Unlike many countries in Asia and Europe, Australia still has a natural growth component to its population increase (more births than deaths), largely because the immigration program has deliberately focussed on those aged under thirty.

Meanwhile the housing market is suffering from supply bottlenecks and delivery gaps, related to planning delays, steepling construction costs rising by around 50 per cent over the past five years, skilled labour shortages, and tighter monetary policy.

Construction and development insolvencies have hit a record high of late, totalling more than 2,830 in fiscal year 2024, as developers were caught out by fixed price contracts and disastrous cost overruns.

There is also an ongoing mismatch between housing supply and the demand for various property types.

Are we building the right types of homes in the right locations to meet demographic needs, or are we continuing to under-deliver in high-demand areas in Sydney, Melbourne, and south-east Queensland?

I believe that we are at the nadir of the residential construction cycle, but remain wary about the next apartment construction boom, with so many new projects tending to be riddled with expensive defects.

Rental crisis at the lower end

The housing shortages are clearly having an outsized impact on the rentals market, with rental vacancies rates tracking at around record lows, and advertised rents exploding higher since 2020.

Household sizes are now increasing in response to the rental crisis, with youngsters opting to stay with parents for longer, more renters taking on flatmates, and share house use increasing.

In previous decades governments supplied much of the social and affordable housing, but aside from a brief policy stimulus under the Rudd government during the global financial crisis, the public sector has largely stepped away from funding public housing.

Following the 2025 election landslide, the Labor government will instead focus on tax incentives to grow investment in the nascent Build to Rent sector towards $10 billion per annum by 2030.

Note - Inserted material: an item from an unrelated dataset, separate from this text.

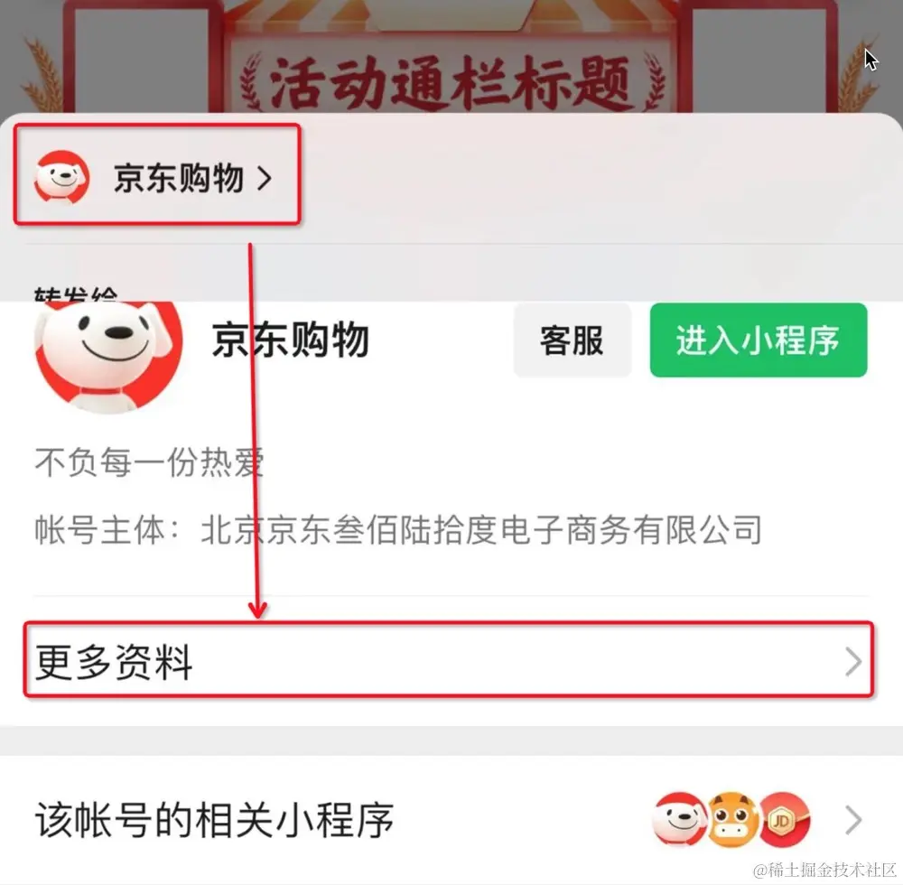 3. 微信打开想要获取页面的小程序,点击右上角三个点,选择小程序名称,再选择更多资料。

All supply helps to fix the challenge, but still the numbers aren’t huge, and the build to rent projects tend to charge rents that are more expensive than average to generate the desired yields.

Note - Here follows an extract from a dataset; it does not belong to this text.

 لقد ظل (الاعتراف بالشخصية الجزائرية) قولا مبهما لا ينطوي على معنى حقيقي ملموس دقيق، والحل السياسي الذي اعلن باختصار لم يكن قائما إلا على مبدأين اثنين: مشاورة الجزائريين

The outlook and opportunities

Tighter borrowing capacities have forced many homebuyers and investors in cheaper regional markets and outer-suburban locations in the capital cities.

The likely consequences of the persistent supply-demand imbalance include undue pressure on renters in the bottom quintile of the housing market, and first homebuyers being locked out by tight lending standards, including APRA’s 3 percentage points lending assessment buffer.

The Labor government is set to introduce a 5 per cent deposit scheme for first homebuyers from January 2026, while changing the treatment of HELP debt to enhance borrowing capacity for the cohort with graduate and educate liabilities.

As such, as mortgage rates fall SQM Research forecasts prices increases of up to 15 per cent over the year ahead, driven forward by the sub-$1 million price point.

Melbourne will lead the next stage of the upswing in the housing market cycle, having lagged other capital city markets since 2020.